Time and again he spoke about the need for what he called "agility" in the market. Supporters concurred with him.

Despite the club splurged record amounts of money in a twelve-month period on the expensive one signing, the £9m another player and the £6m further acquisition - none of whom have cut it to date, with one already having departed - the manager demanded increased resources and, often, he did it in openly.

He set a controversy about a internal disunity inside the club and then distanced himself. When asked about his comments at his subsequent news conference he would usually minimize it and nearly reverse what he said.

Lack of cohesion? No, no, everybody is aligned, he'd say. It appeared like Rodgers was playing a risky strategy.

Earlier this year there was a story in a publication that purportedly came from a source associated with the organization. It claimed that the manager was damaging the team with his public outbursts and that his true aim was managing his exit strategy.

He didn't want to be there and he was arranging his way out, this was the tone of the article.

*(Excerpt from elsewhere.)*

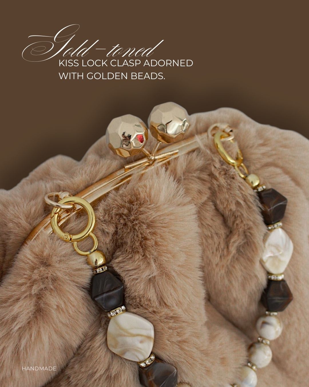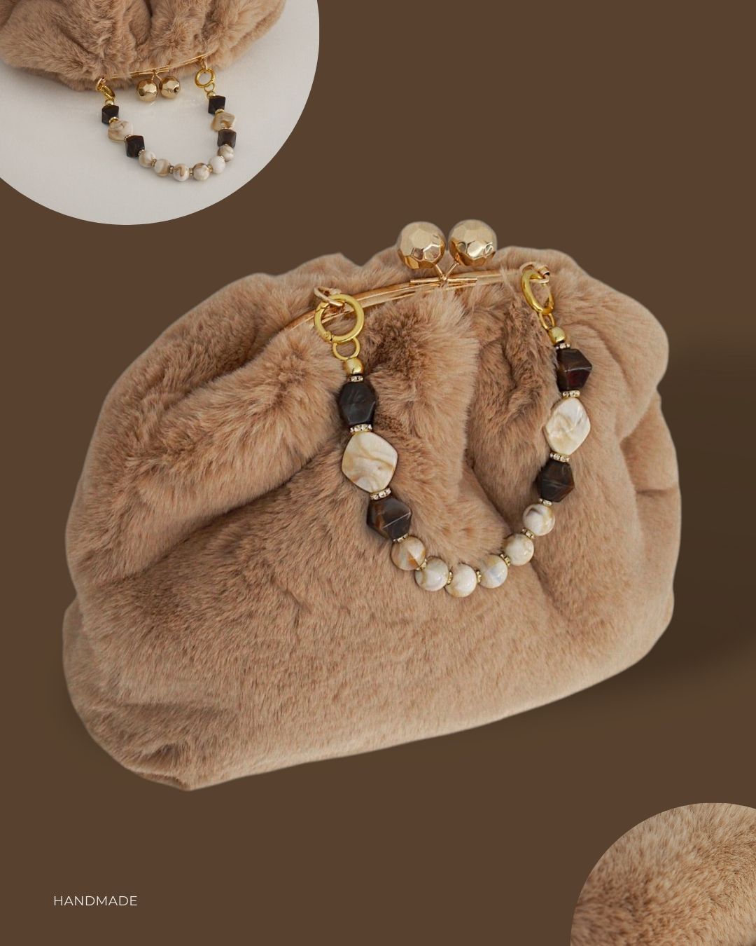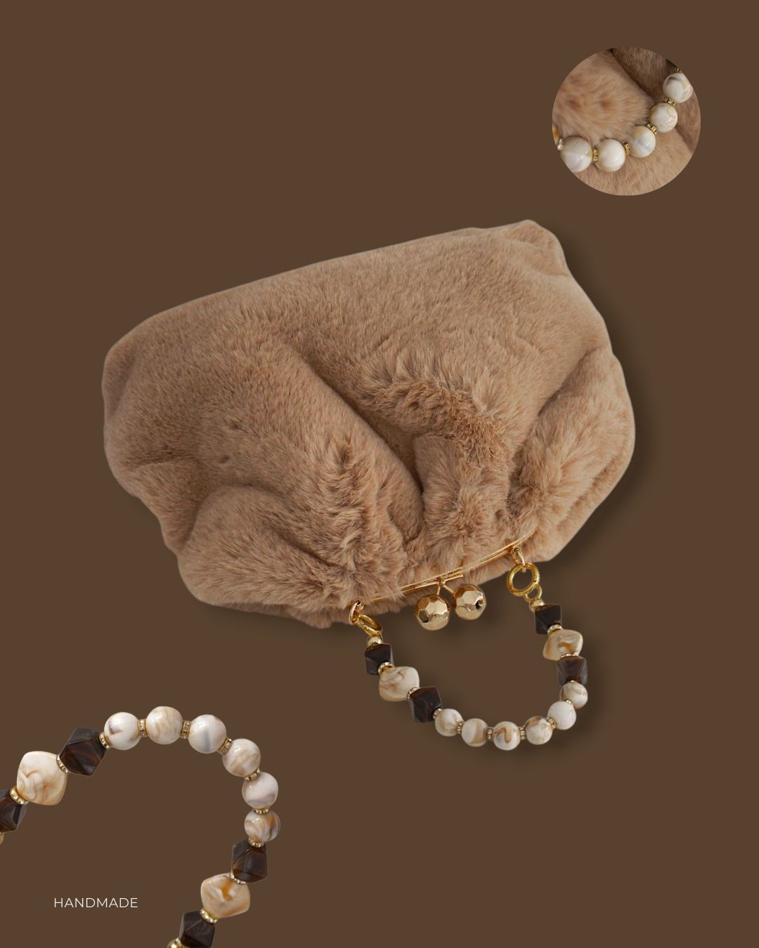 Torba od krzna, kapućino boje, sa elegantnim metalnim biglom u boji zlata i ručkom od bisernih perli.

The fans were enraged. They then viewed him as similar to a martyr who might be removed on his honor because his board members wouldn't back his vision to achieve success.

This disclosure was damaging, naturally, and it was intended to hurt Rodgers, which it accomplished. He demanded for an investigation and for the responsible individual to be removed. Whether there was a probe then we heard nothing further about it.

At that point it was plain the manager was losing the backing of the people in charge.

The frequent {gripes

David Gonzalez
David Gonzalez

Travel enthusiast and hospitality expert with a passion for exploring luxury destinations and sharing insider tips.